Dungeon Link Review: A Link Between Genres

The Good

Lots of creative monsters to collect and fight.

A unique and compelling spin on action puzzle games.

Free-to-play mechanics are generally fair.

The Bad

Some grinding required for higher level challenges.

Stamina system may annoy some players.

We are all connected in this great circle of life. Our fates are intertwined. Even the smallest actions we perform can create enormous waves in another person’s existence.

This touchy-feely philosophy is applied triple-strength in Dungeon Link, an action / puzzle game from Gamevil. Heroes must team up and link attacks in order to take down foul demons, and strategy is just as important as power. It’s a pretty interesting mash-up of genres and it’s a lot of fun, even if the usual free-to-play trappings you’d expect from this kind of title dampen things down a bit.

Dungeon Link takes place in a world called Kanterbury that’s under siege by a powerful demon king. You choose an avatar and recruit companions in hopes of taking The Beast down and restoring peace to the realm. You know, hero stuff.Screenshot_7

Since the advent of Puzzle & Dragons, the number of action / puzzle mash-ups on the digital marketplace has positively exploded. Dungeon Link is yet another entry in the genre, and it has the usual gang of cutesy collectable warrior mascots that need to be leveled up by feeding them the lesser fighters that accumulate in your stable. But thankfully, Dungeon Link’s core mechanic is noticeably different from other games that share its genes.

You command four fighters scattered across a grid. Each fighter has a color associated with them, as well as a circle that marks their starting and ending point. When you draw a line between those points, it functions as a path for the hero to travel and whup any enemies in their way. The longer they travel, the stronger their attack, so it’s usually better to have them meander around the battlefield than simply make a beeline from Point A to Point B.


Key word here: “Usually.” If you manage to make all your fighters cross every square on the grid, they’ll launch a final, powerful attack that may defeat lingering enemies and save you from a whuppin’ when it comes time for the baddies to take their turn. In other words, sometimes it’s preferable to execute a short attack that cleans up any lingering squares on the grid and lets you zap leftover enemies with a massive lightning bolt.

The fun really starts when you learn how to link attacks.

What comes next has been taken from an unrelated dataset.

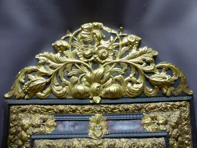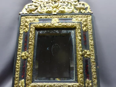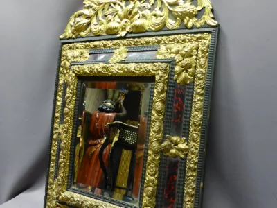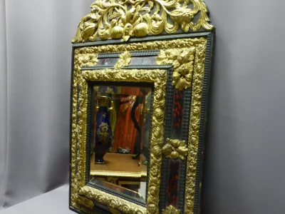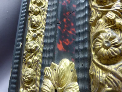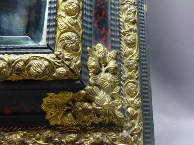 Espejo estilo Luis XIII del siglo XIX en madera negra, latón repujado y caparazón de tortuga. Napoleón III peeriod.
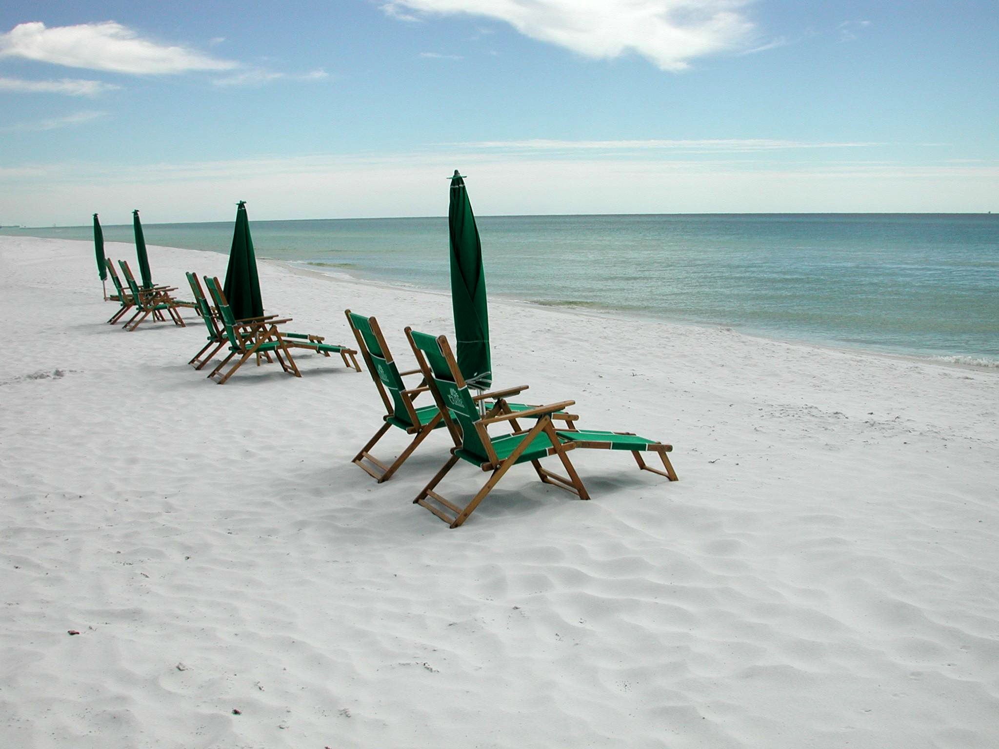 Free image/jpeg, Resolution: 2048x1536, File size: 325Kb, gorgeous sandy beach on the gulf coast in florida picture with tags: beach, chairs, leisure, outdoors, vacation, tourism

If you’re clever – and if you have a bit of luck on your side – you can thread your attacks through all your warriors’ starting and ending points, which really puts the hurt on the demons and devils tormenting you. It’s an incredibly satisfying trick to pull off.

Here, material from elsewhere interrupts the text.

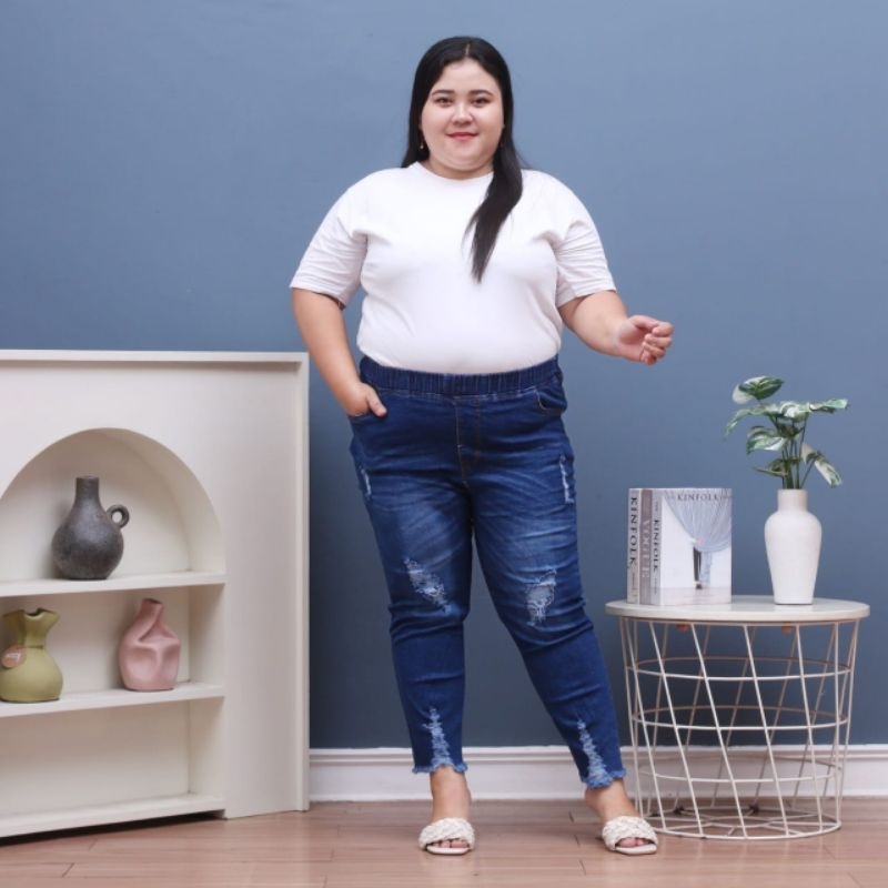 celana jeans wanita jumbo sobek / celana pinggang karet street / jeans ripped terbaru

“Satisfying” describes Dungeon Link nicely. The warrior-linking mechanic offers a nice halfway point between thinking of complex strategies and simply letting loose on your opponents. There are tons of fighters to collect, though most of them will admittedly go into beefing up your favorites.


Even the free-to-play mechanics aren’t as restrictive as many games of its type. There’s a stamina system and you need hard currency (gems) in order to perform guaranteed summons of the game’s top-tier warriors, but you’re also offered generous sums of gems for completing quests and checking in on the game every couple of hours. That said, the materials necessary to evolve your fighters take a long time to acquire, which means you may find yourself outclassed without some grinding.

If you’re nutty about action / puzzle games, download Dungeon Link without delay. If you’re burnt out on Puzzle & Dragon and games like it, try poking at Dungeon Link anyway. Its attempts to differentiate itself may be what you need to slide back into the genre.